Although Carroll wrote in 2001 and Berry wrote the essays quoted above a little later, they presaged the Encyclical Letter Laudato Si’ of the Holy Father Francis. Francis called on every person living on Earth to recognize and acknowledge individual complicity in the degradation of the world. He called attention to the pollution and waste derived from a throwaway culture; he decried the lack of safe drinking water in parts of the world; he noted the extensive loss of biodiversity; and he recognized the deterioration of the quality of human life. In noting the extensive poverty that caused poor people to suffer the most from environmental destruction, Francis complained that the only solutions people in developed countries offered was birth control to reduce the population. In the end, Pope Francis called on all people to take charge of the planet and, in union with all creatures, seek ways to rectify the wrongs they committed.

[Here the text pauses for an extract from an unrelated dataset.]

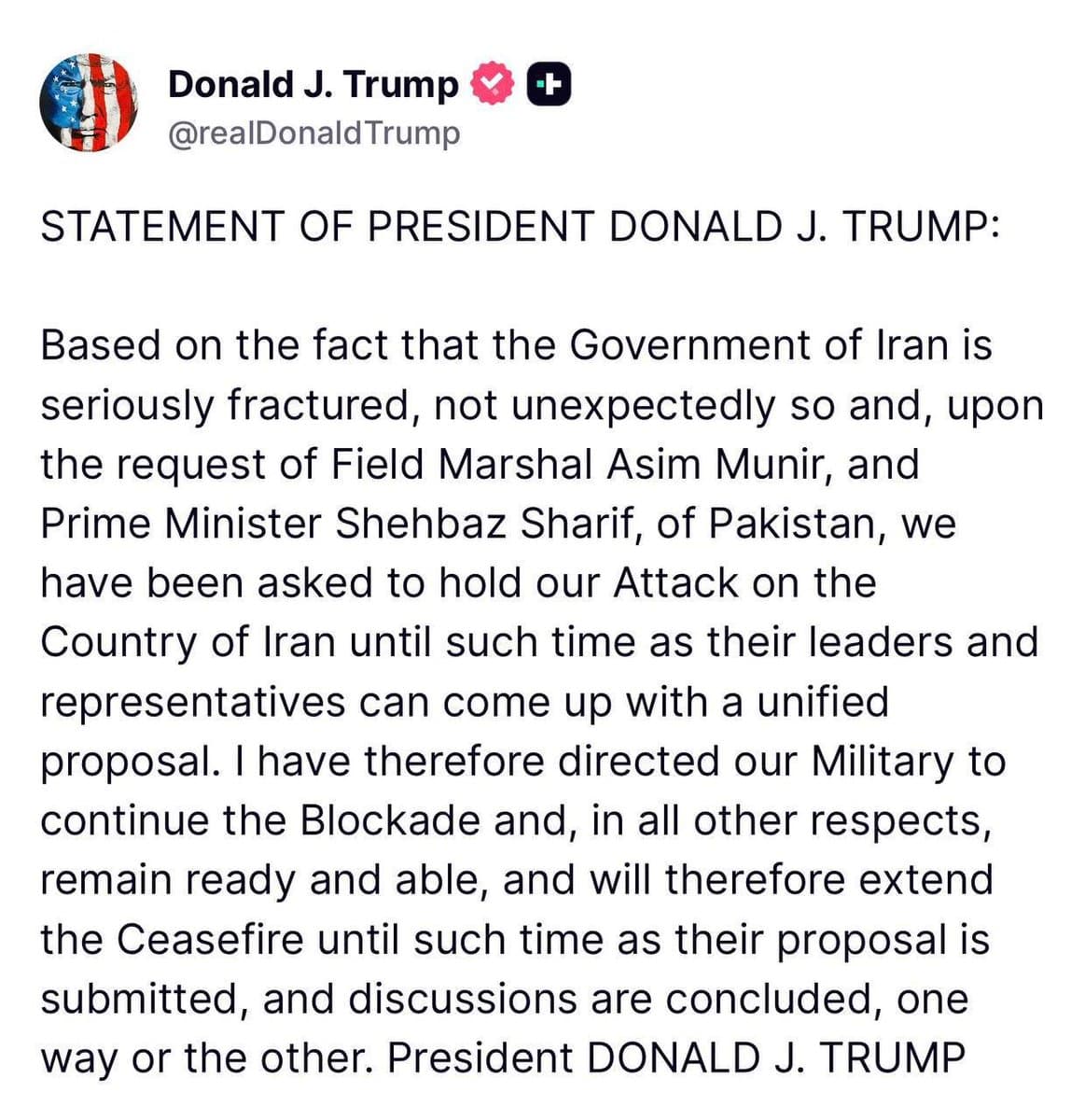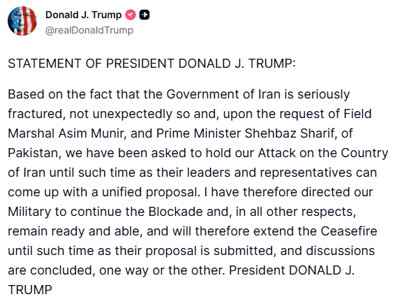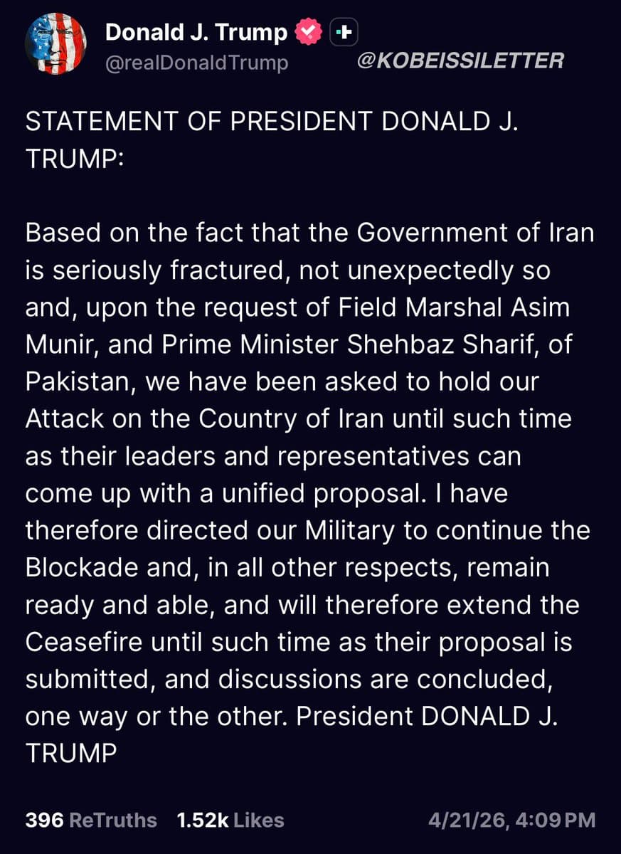 The US-Iran ceasefire officially expired overnight, with no Iranian agreement to an extension. President Trump announced the US is holding its planned attack on Iran at the request of Pakistani officials, citing a 'seriously fractured' Iranian government. Treasury Secretary Bessent confirmed the ceasefire extension amid continued economic pressure, including a naval blockade costing Iran an estimated $400 million daily. However, Iran formally refused to participate in the planned Islamabad talks, calling the decision final. Vice President Vance's diplomatic trip to Pakistan was canceled accordingly.

Since the presence or absence of rational thought can affect whether people view animals as deserving moral concern, resources on nonhuman animals’ potential for thinking and feeling are an important component of the literature on environmental education. Carl Safina’s Beyond Words: What Animals Think and Feel is an account of Safina’s travels around the world to observe animals in different places. Safina found that the animals he watched lived their lives, shared their concerns with each other, and met the challenges in the same ways that humans do. He concluded that all life is one.